JMV4168 (DOTA-βAla-βAla-[H-D-Phe-Gln-Trp-Ala-Val-Gly-His-Sta-Leu-NH2], Figure 1) was synthesized as described previously [19]. Chemicals were purchased from Sigma-Aldrich, unless otherwise stated. Phosphoramidon (PA) was purchased from Peptides International Inc. 177LuCl3 was purchased from IDB Holland and no-carrier added (n.c.a.) ItG 177LuCl3 was obtained from ITG Isotope Technologies Garching GmbH. 175Lu was obtained from Merck as 1 g/L standard solution in nitric acid. The human PCa cell line PC-3 was obtained from the American Type Culture Collection (CRL 1435) and cell culture reagents from Life Technologies. Cells were cultured in Ham's F-12K (Kaighn's) Medium supplemented with 10% fetal bovine serum, penicillin (100 units/mL), and streptomycin (100 µg/mL). Cells were grown in tissue culture flasks at 37°C in a humidified atmosphere containing 5% CO2. Male nude BALB/c mice (8 weeks old) were obtained from Janvier. All animal experiments were approved by the Animal Experiments Committee under the Dutch Experiments on Animal Act and adhered to the European Convention for Protection of Vertebrate Animals used for Experimental Purposes (Directive 86/609/EEC).
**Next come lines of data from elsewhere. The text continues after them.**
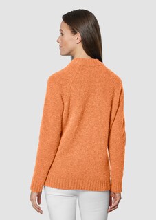 Maille duveteuse. Ligne légèrement cintrée. Encolure arrondie et manches raglan longues. Encolure, bas des manches et base en maille côtelée.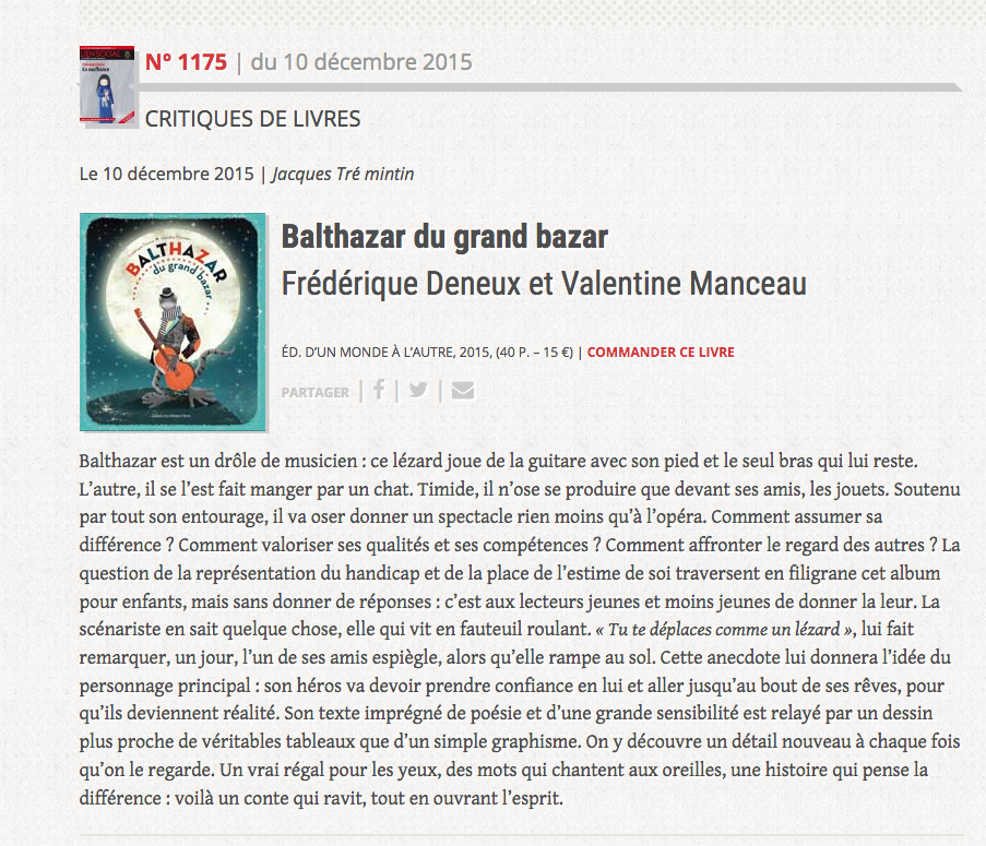 Balthazar du grand bazar est pésenté sur Télénantes.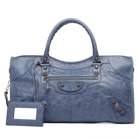 Description: Hand stitched handles - Removable shoulder strap - Top zip closure - Rose gold plated metal hardware - Front zip pocket - Interior zip pocket with Balenciaga embossed leather label - Leather framed hand mirror - Made in Italy.
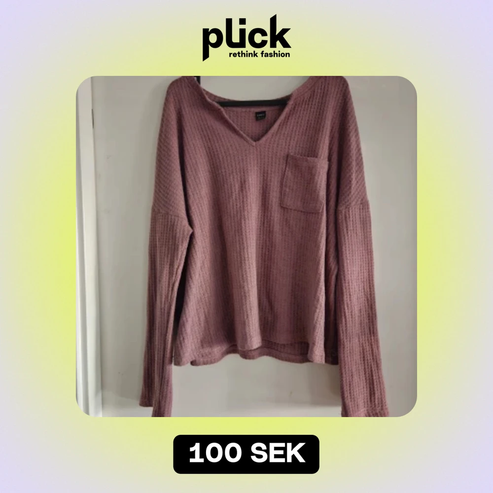 Sotig rosa tröja säljes. Stickad med en ficka framtill. Ganska stor i storleken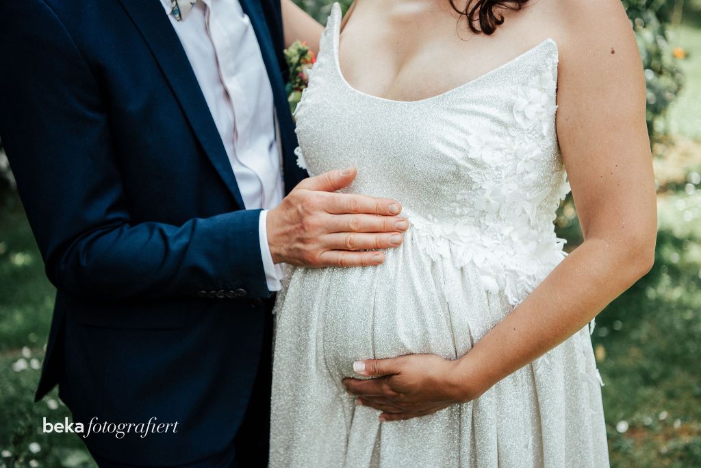 The innocent look isn’t really appropriate for a pregnant bride who is going to be a mother for the second time.

Labeling of JMV4168 with 68Ga, 177Lu and 175Lu

Elution of 68Ga from a 68Ga/68Ge generator (IGG-100, Eckert & Ziegler AG) was performed using fractionated elution with 0.1 M HCl (Rotem Industries Ltd). For PET imaging and biodistribution studies, JMV4168 (1-2 nmol) was mixed with 68Ga eluate (200 µL), sodium acetate (0.5 M, 50 µL) and ethanol (30 µL). The reaction mixture was heated for 10 min at 95°C. After reaction, ethylenediaminetetraacetic acid (EDTA, 4 mM) was added to complex free 68Ga, and the reaction mixture was filtered (0.02 µm WhatmanTM filter, GE Healthcare) to remove 68Ga-hydroxides [20].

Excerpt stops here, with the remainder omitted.